The psalms, or certain psalms at any rate, have had a regular place in the daily prayer of Christians from earliest times. They constitute the nearest thing to a Jewish hymn book that exists and phrases of the psalms were on the lips of Jesus. This has given them a particular place in the unbroken tradition of Christian prayer which stems from Jesus himself.
The Book of Common Prayer preserved the monastic tradition of reciting the whole Psalter, over the course of a month. This gives a random selection, rehearsing the different moods and experiences of human beings before God. But reciting the whole Psalter in course was not the primitive practice, nor does it take any account of the suitability of certain psalms to certain days or seasons, let alone their traditional points of reference.
So alongside the tradition of reciting the psalms in course has developed a pattern of special psalms of choosing certain psalms for certain days and seasons, to help reinforce the mood and rhythm of the liturgical year. This is a pattern which has re-emerged in recent years for a number of reasons. It is clear that the early forms of Morning and Evening Prayer used only a limited number of psalms and used them appropriately to the time of day, if not to the season. A vestige of this survives in the traditional psalms for Night Prayer 4, 91 and 134 -- and for good reason: if the same psalms are repeated frequently, they can be learnt by heart (which was a necessity in the case of Night Prayer, as it was said in the dark) and then prayed rather than read.
However, it is not just for archaeological reasons that we are proposing to move to a more selective pattern. If we are serious about encouraging the whole Church to pray the Office, then we must consider the appropriateness of the chosen psalms as well as the quantity. For a start, there are certain psalms which are repeated regularly each day of the week, or each season: each Thursday morning, for example, and each day in Epiphanytide, begins with Psalm 67. Then there is a regular repetition of certain psalms in certain seasons: Psalms 33, 105, 114, 118 and 136 come round regularly in the weeks of Eastertide, but in the weeks of Advent, 50, 70, 76, 80, 94 and 130, repeated each week, give a different flavour and enable the worshipper to become familiar enough with them to pray them.
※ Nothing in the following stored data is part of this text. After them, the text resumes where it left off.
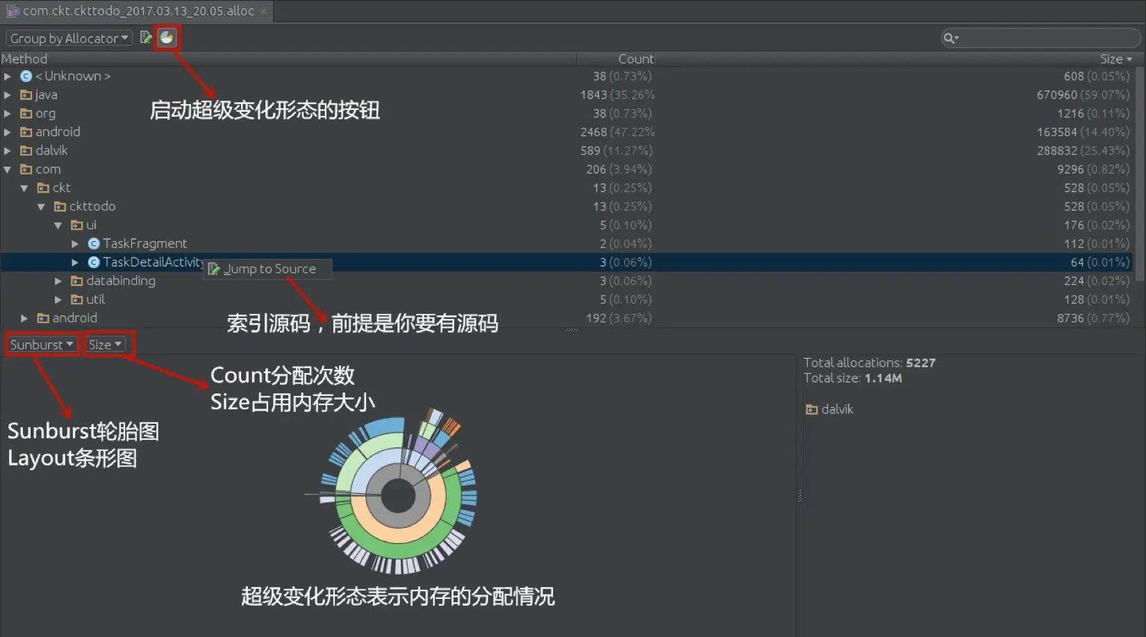 如上图,我们可以看出这次操作中应用里的各个组件的分配次数与占用大小,若发现这两个数据有异常(分配过多,占用过大),同样可以索引源码优化(前提是你有),最下方的视图是以另一种较酷炫的方式呈现,感兴趣的可以具体结合文件操作。
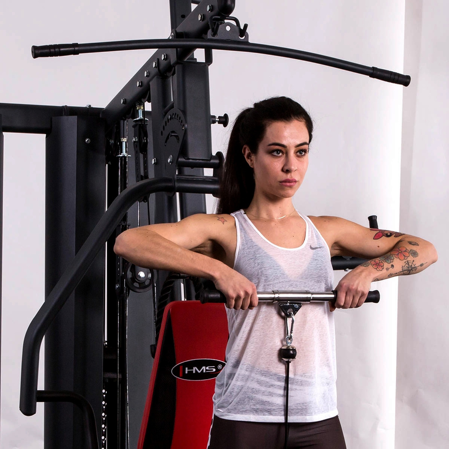UW12 marki HMS to solidny, krótki drążek przeznaczony do treningu na wyciągu górnym i dolnym. Jest to wszechstronne akcesorium, które umożliwia wykonywanie szerokiej gamy ćwiczeń angażujących górne partie ciała – od mniejszych grup mięśniowych, takich jak biceps i triceps, przez przedni i boczny akton mięśni naramiennych, aż po mięśnie najszersze grzbietu oraz prostowniki pleców.
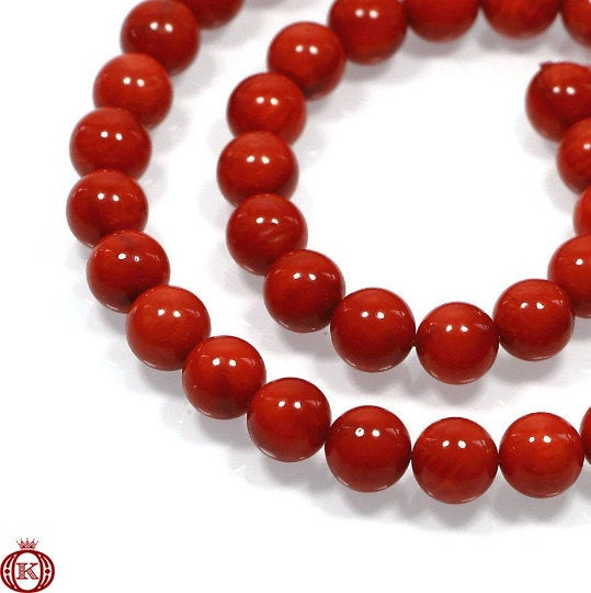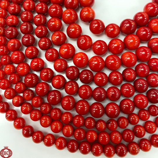Red Bamboo Coral Beads Smooth Round
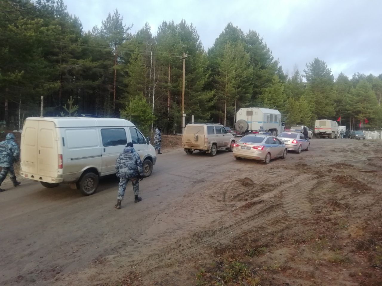 «От поста „Костёр“ колонна из трёх машин, самосвала „Мерседес“ и двух бензовозов под прикрытием силовиков отправилась по разбитой лесной дороге в направлении станции Шиес. Грузовики ОМОНа и Росгвардии остались на посту» Костер». Впереди колонны шли сотрудники силовых структур с металлоискателями и ЧОПа «Гарант безопасности» с граблями и лопатами, выискивая возможные металлические предметы, которые могли повредить колеса грузовиков. Причем первым шел самосвал «Мерседес», в кузове которого находился уголь и, судя по всему, запасные колеса. За самосвалом уже ехали два бензовоза, один из которых был с прицепом», — пишет на своей страничке в соцсети активист Леонид Сухарев.
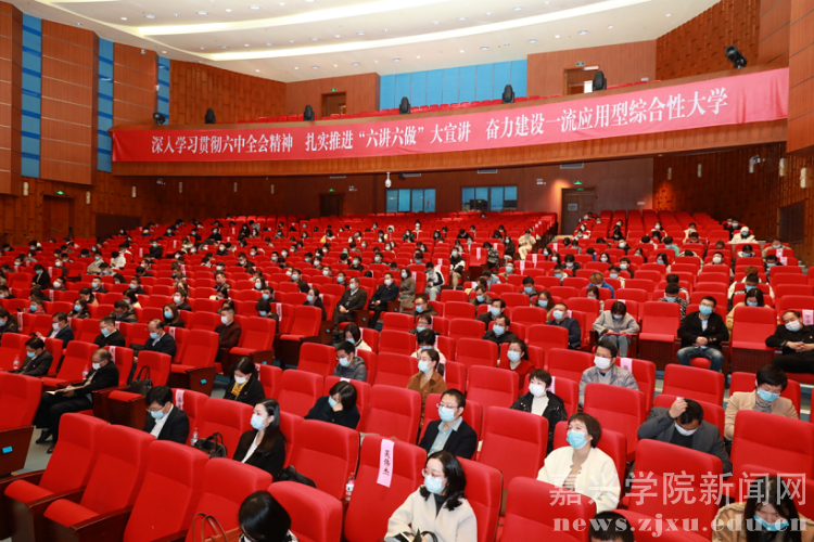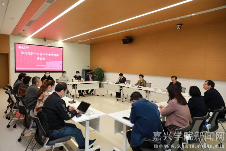 陈奕君强调,学习贯彻六中全会精神是当前和今后一个时期的一项长期政治任务。嘉兴学院党委要按照省委“六讲六做”大宣讲活动要求,把学习贯彻六中全会精神与开展党史学习教育结合起来,与学习贯彻即将召开的省委十四届十次全会精神贯通起来,一体学习推进,一体贯彻落实;要充分发挥学校各级领导干部的带头引领作用,推动各级党组织把学习六中全会精神作为主题党日的核心内容,确保把六中全会精神传达贯彻到学校的每个党组织、每个党员,推动学习宣传贯彻六中全会精神走深走实。
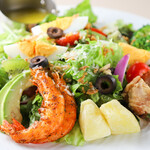 「FAMiRESサラダ」1,408円は、メインでも食べられるようなボリュームのあるサラダ。アボカド、トマト、ソフトシェルシュリンプ、じゃがいも、ベーコン、からあげ、ゆで卵、チーズなどの具材がゴロゴロ入っています。
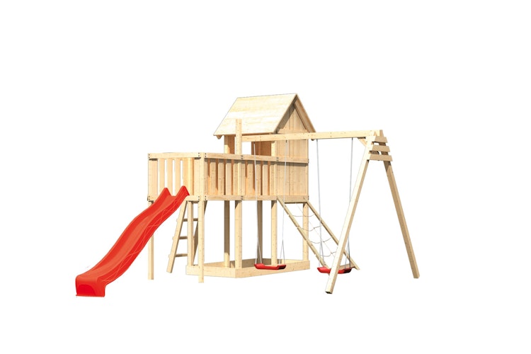 Karibu Akubi Stelzenhaus Frieda mit Wellenrutsche, Doppelschaukelanbau, Anbauplattform und Netzrampe
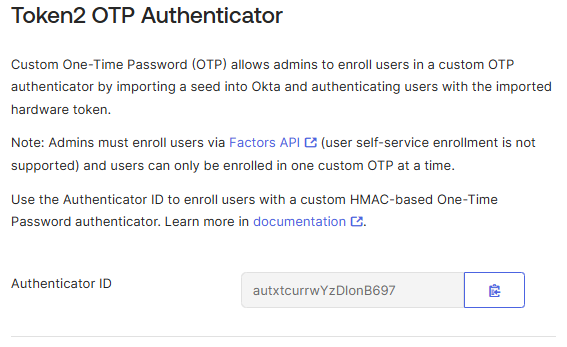 Okta supports Token2 classic tokens as a Multi-Factor Authentication (MFA) method via the Custom TOTP factor.
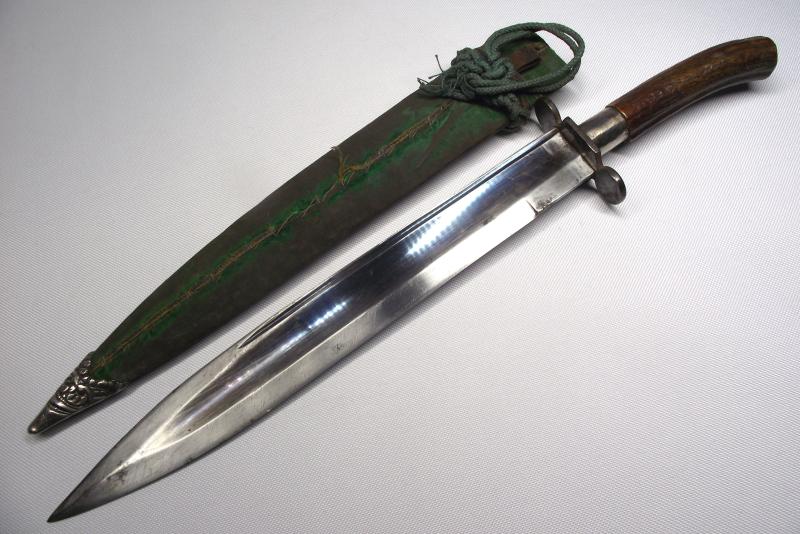 A very nice Indian made Bowie knife with a just under 12 inch blade. The blade seems to have started its life blued losing most on the high spots, nice fuller running along the top. The cutting edge and tip has seen some period sharpening as expected from a used item, no makers stamps. The hilt has a good amount of finish remaining with the stag horn handle in very nice undamaged condition. The knife has a very nice balance and light in the hand. The cloth covered wooden scabbard is complete with its bottom decorated chape and as seen in the photos when first produced had a dark green finish to the material, now gone from use.

These are only examples, but they serve to illustrate a different emphasis in using the Psalter. Not every psalm is used and several psalms are used more than once. This may sound strange to those who are used to reading the Psalter through in course, but no one would dream of singing all the hymns in the hymn book, let alone do that in numerical order; instead, we choose appropriately to the day and season.
Our principle in choosing the psalms for regular recitation is to select only those which help us to worship God. Some psalms are omitted entirely as being unsuitable for worship, of which the cursing psalms are an obvious example. Also omitted are a number of the longer historical psalms, whose narrative style makes them unwieldy in full and difficult to divide, without giving an incomplete story. Others are linked so strongly with a particular day (Psalm 22, for example) that they only appear once a year.
None the less, the whole Psalter is printed, together with appropriate psalm prayers, so that those who wish to make a more traditional selection or those who wish to use more psalmody can readily do so. Provision for doing this in Ordinary Time is given in the table on page 688.